La Inteligencia Artificial no conoce de musa
La literatura, y el arte en general, se enfrenta a nuevos retos con la irrupción de la IA. Como todo desarrollo tecnológico, la IA no está exenta de defensores y detractores. ¿Es posible el arte que usa esta herramienta?
Por Ivo Marinich
Hace poco un amigo me dijo que pensaba escribir una novela con Inteligencia Artificial. Entusiasmado, resuelto, me explicó que tenía preparados los elementos centrales del texto (estructura, personajes, alguna que otra escena, etcétera) para llevarlos al procesador y obtener de esa manera, en cuestión de segundos, la obra completa.
Le manifesté el desagrado que me producía la sola mención de esa idea (no sé de licencias pasionales en lo que concierne a la literatura), y en el meollo de ese disgusto pensé en la implicancia de la IA en el arte. También, naturalmente, pensé en Umberto Eco.
“Apocalípticos e integrados”, célebre texto del escritor italiano, nos enseña cómo la irrupción de lo novedoso en un campo de estudios despliega una disyuntiva entre optimistas y pesimistas. Quienes veían un cuco destructor de lógicas existentes en oposición a quienes hacían del nuevo agente una posibilidad, llamémosle, evolutiva. Eco escribió sobre el advenimiento de la cultura de masas, pero el hecho de que podamos usar estas categorías ante el surgimiento de la IA es prueba de que la dicotomía planteada en este libro es imperecedera.
¿Qué somos entonces? ¿Apocalípticos o integrados? Mi amigo, claro, un integrado. Me respondió que el surgimiento de la imprenta había causado indignados como yo —me mandó directo al siglo XV, en pocas palabras—. Y tenía razón. Lo mismo había pasado con la cadena de montaje, la computadora e internet, entre una lista innombrable. Mi amonestación inicial me puso en la posición de apocalíptico. Concibo el arte como el último bastión de lo humano (a veces me pregunto si no seremos creaciones pensadas para producir el arte que deleita a los dioses; si todo lo demás no será acaso suplementario, colateral a esta función primordial), de modo que la idea de ceder al algoritmo la concepción y el proceso artístico venía a resquebrajar esa fortaleza.
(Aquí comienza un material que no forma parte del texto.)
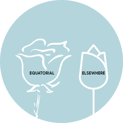 We have searched the globe for the finest equatorial growers. Typically, we find them at least 8,000 feet above sea level, namely Ecuador, Columbia, Kenya and Ethiopia. Here they are exposed to the ideal sunlight and temperature to produce the finest large head roses on the planet, which will be sure to WOW your recipient.

Pero una meditación más profunda y despojada de hastío me hizo ver que la expresión humana permanecerá inalterable porque la IA no conoce de musa.
Definamos musa. Un sinónimo: inspiración. Una herramienta: la de tantos artistas que se aferraron a ella para concebir sus obras. Una búsqueda: la de Onetti, Orwell o Proust que escribían acostados, o Hemingway, que lo hacía de pie, o Agatha Christie, que producía desde la bañera, como si sus cuerpos fueran antenas que necesitaran diferentes posiciones para sintonizarla. Una definición alternativa: es la fecundación de una idea sin procedencia definida; el cerebro como un gran óvulo que cada tanto, en condiciones idóneas, es inseminado por una sustancia exógena, tan extraña e indescifrable como la materia oscura para la ciencia. Una definición teórica: la decodificación de lo abstracto en patrones racionales. Mi definición favorita: un orgasmo semiótico. La musa es el ¡Eureka! Es el estado donde todo encaja, donde todo se revela. Es un susurro del alma. Una última aproximación: es el regalo que la naturaleza, poseedora de la creatividad por antonomasia, hace al artista. De ahí mi sosiego: el arte entendido como canalización de un estado divino permanecerá imperturbable.
La IA no conoce de musa. Es un procesador infernal que absorbe textos, discursos, sentidos comunes y tendencias con fines meramente reproductivos. Una máquina de semejanzas. Sigue la línea de un electrocardiograma sin los picos vitales, sin los saltos de la palpitación. Hace de una oración otras miles que dirán exactamente lo mismo, pero de otra manera. Está sujeta, precisamente, a lo preconcebido, mientras que la musa es un proceso de fecundación. Es incapaz de escalar nuevos peldaños; en instantes construye fabulosos caminos que indefectiblemente llevan al mismo lugar. Con envidiable practicidad semántica-caligráfica, por supuesto.
La IA, sin embargo, es efectiva. Eso es innegable. Puede narrar una historia con apenas retazos de información. Y una muy interesante, por cierto. En ese sentido, se presenta como una solución práctica e instantánea para las creaciones llanas. Aquellas que son reacias a los nuevos sentidos o lógicas, a las narraciones o pensamientos alternativos; las que simplemente reproducen y se deslizan, satisfechas, en el eje del sentido común. De modo que vendrán textos muy bien escritos pero holgazanes y predictivos. Será cuestión de depositar algunas líneas en el buzón de la IA y esperar que el algoritmo nos escupa su magia. Textos ‘Déjà vu’. Se aproxima una brecha entre el arte algorítmico y el arte como expresión humana.